Issue: March 1999
March 01, 1999
3 min read
Save

Overnight ortho-K study shows promising results with low levels of myopia

Issue: March 1999
You've successfully added to your alerts. You will receive an email when new content is published.

Click Here to Manage Email Alerts

We were unable to process your request. Please try again later. If you continue to have this issue please contact customerservice@slackinc.com.

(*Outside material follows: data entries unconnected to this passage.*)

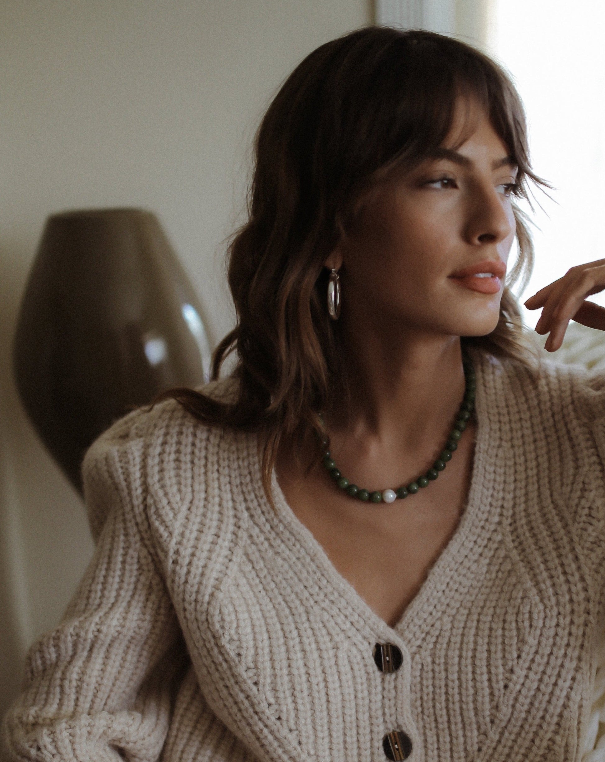 Green jade beads with an asymmetrical freshwater baroque pearl.
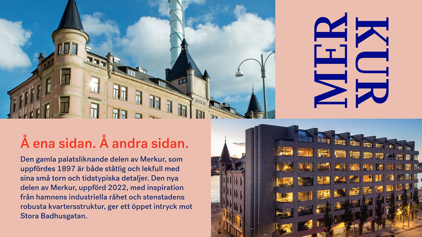 Längst upp i det pampiga Merkurhuset, med utsikt över hamninloppet, hittar du denna trevliga lokal om 361 kvm. Lokalen erbjuder både öppna landskap och aktivitetsbaserade kontorsytor. Lokalen har ett fint ljusinsläpp och fastighetens läge med utsikt över hamninloppet är svårt att tröttna på. Huset är byggt 1897 och är en klenod och det äldsta huset i området med sin vackra rosa fasad och sina pampiga torn. 2022 byggdes huset till med en helt ny del med inspiration från hamnens industriella råhet och stenstadens robusta kvartersstruktur vilket skapar ett öppet intryck mot Stora Badhusgatan. Huset vann dessutom det prestigefulla Kasper Salin-priset för bästa byggnad 2022.
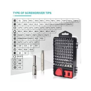 Kit de chaves precisão 115 em 1 celular notebook tablet - quantidade de peças: 115; - equipado com todas as ferramentas necessárias, adequadas para todos os tipos de trabalho em equipamentos de micro porte; - contém cabo flexível, ideal para locais onde o comprimento do cabo atrapalha o encaixe; - alto desempenho com cabeças de chave de fenda duráveis, feitas em aço crv o que garante o uso a longo prazo. - fácil de transportar, pode ser colocado em bolsas de viagem, carros ou caixas de ferramentas. - chaves de fenda magnéticas;

SAN FRANCISCO — Although not approved by the Food and Drug Administration (FDA) for overnight use, a prospective study of the effects of overnight orthokeratology (ortho-K) lenses was presented at the recent American Academy of Optometry (AAO) meeting here. The ongoing study, which involves eight subjects, comes on the heels of an FDA notification letter cautioning practitioners about the unapproved use of ortho-K lenses for overnight wear.

This twist on contact lens wear provides yet another option for patients wanting freedom from correctable lenses — at least temporarily — without choosing surgery. Ortho-K, the temporary treatment of refractive error by the application of rigid contact lenses designed to re-shape the cornea, has been practiced in the United States for more than 30 years.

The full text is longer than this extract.